Before the season starts, I wanted to refresh the Adjusted Corsi statistic I’d developed last season using the full season of 2012-2013 data and introducing a new twist of logic.
The gist of why this is important is quite simple — some people assail Corsi as a statistic because it’s too dependent on other factors and is hard to make into an individual statistic. I think it’s possible to simultaneously admit that this is somewhat true while finding ways to distill Corsi into a normalized format. To accomplish this, I’ll use regression to control for strong dependent relationships, and get at the shiny residue, or the portion of Corsi that is unexplained by the circumstances the player found themselves in.

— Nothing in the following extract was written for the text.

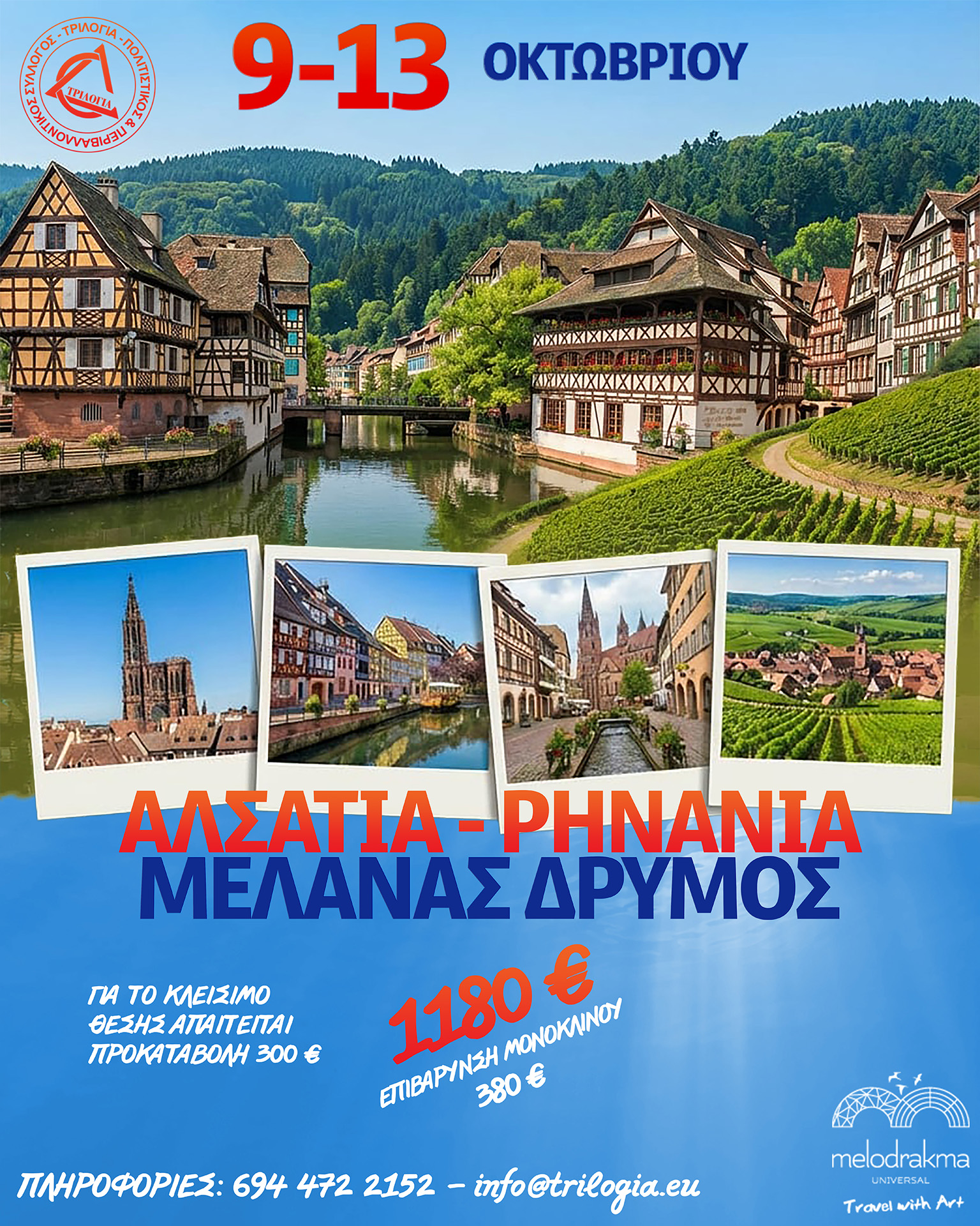 Από 9 έως 13 Οκτωβρίου ταξιδεύουμε στην Αλσατία, τη Ρηνανία και τον Μέλανα Δρυμό, σε μια διαδρομή γεμάτη ιστορία, πολιτισμό, φύση και μοναδικές εικόνες. Ένα ταξίδι που συνδυάζει τη γοητεία της γαλλικής Αλσατίας με τη φυσική ομορφιά και την αριστοκρατική παράδοση της νότιας Γερμανίας.

In my previous piece, I controlled for Quality Factors (using a variable I called QualDiff, the difference between QoT and QoC) and Zone Starts, finding that they were very significant explanatory variables for how a player’s raw Corsi rate / 60 mins would turn out. To augment these, I’ve added a third variable: 5×5 time on ice per game. My logic is uncomplicated — if your coach is playing you for 15 even strength minutes each game, he considers you a first line player, and first line players should have an ability to outshoot average opposition more than someone who plays only 10 minutes a night. If we control for your time on ice, we can get at the residual Corsi that you produced beyond what your coach’s expectations could have been.
What I’m trying to do is get every forward in the NHL on even footing, to properly judge how they did in terms of shot differential with what a rational observer would have expected given the factors outside of the player’s direct control.
So, do these three independent variables hold statistically significant explanatory power? Yes. Shitloads.
Here’s my summary output. My sample includes the 336 forwards who played 30 games or more in 2012-13. Taken together, the three variables explain 75.1% of the variance in Corsi, leaving 24.9% of magic sauce to explain as residuals. The P-values of all three of my variables are stupendously low. That “2.41E-69″ P-value for QualDiff means the probability that QualDiff’s coefficient is actually zero (ie QualDiff has no explanatory power) is 0.0000000000000000000000000000000000000000000000000000000000000000000000241%. Let’s put that in perspective: if someone offered you a chance of winning a Snickers bar in the next second, with the odds of getting that Snickers in the next second was (1/”all of the seconds of time since the Big Bang”), you’d have an astonishingly better chance of winning that Snickers than of QualDiff not having explanatory power in determining Corsi.
The formula is: Expected Corsi = -25.4 + QualDiff * 0.95 + OZ Start % * 0.22 + TOI/60 * 1.18
Interpreting the coefficients is fun:
- For QualDiff, the model suggests that for every unit increase in your Corsi Quality of Team or for every unit decrease in your Corsi Quality of Competition, your raw Corsi score should go up about 0.95 / 60 mins of 5×5 time. So, if one player has a Q0T of 0 and a QoC of 0, for a QualDiff of 0, and another has QoT of 5 and QoC of 0, for a QualDiff of 5, the second player’s raw Corsi should be ~4.6 Corsi/60 mins higher than the first player’s.
- For each percentage increase in your offensive zone starts, your Corsi is expected to go up ~0.22/60 mins.
- For each additional minute you play at evens, the model expects your Corsi to go up 1.18, meaning a player that plays 15 minutes will have a Corsi that is ~5.9 Corsi / 60 mins higher than a player who only plays 10 minutes.
Let’s have a look at the lists of players by Adjusted Corsi. For this I’ve separated the 336 players into quartiles to loosely represent 1st liners, 2nd liners, 3rd liners, and 4th line players. Note 336 into 30 teams is about 11.2 players per team, so this isn’t too far off a roster complement of 12 players per team. I’ve divided these up so you can compare players amongst their peers. Sidney Crosby is rated as the highest-ranked first line player, but Marcus Foligno’s Adjusted Corsi is higher does not mean Foligno is a better player than Crosby. All it means is that Foligno outperformed his expectations given his circumstances as a third line player a bit more than Crosby did as a first line player.
The Oilers top line players all show well here, and that squares with my interpretation of last year: many nights it was like two different teams were on the ice, the first line and all the other crap. The fact that Hall/RNH/Eberle put up positive Corsi numbers while playing with such crappy players (other than themselves) and fighting through whatever weird system the Oilers were playing with last year is damn impressive.
Leafs fans may not want to peek at who was rated the worst third liner by a country mile. Oilers newcomer Boyd Gordon shows very well in the 3rd line mix, ranked 15th.
To me, this list is not only interesting, it should be diagnostic. If you’ve got a player who seems to be knocking the cover off the ball in his 4th line role, perhaps you could try him further up the lineup, where harder competition and higher expectations that come with higher ice time should present more of a challenge. There also seems to be players at the end of each list that probably should find an easier roster spot, or retire altogether.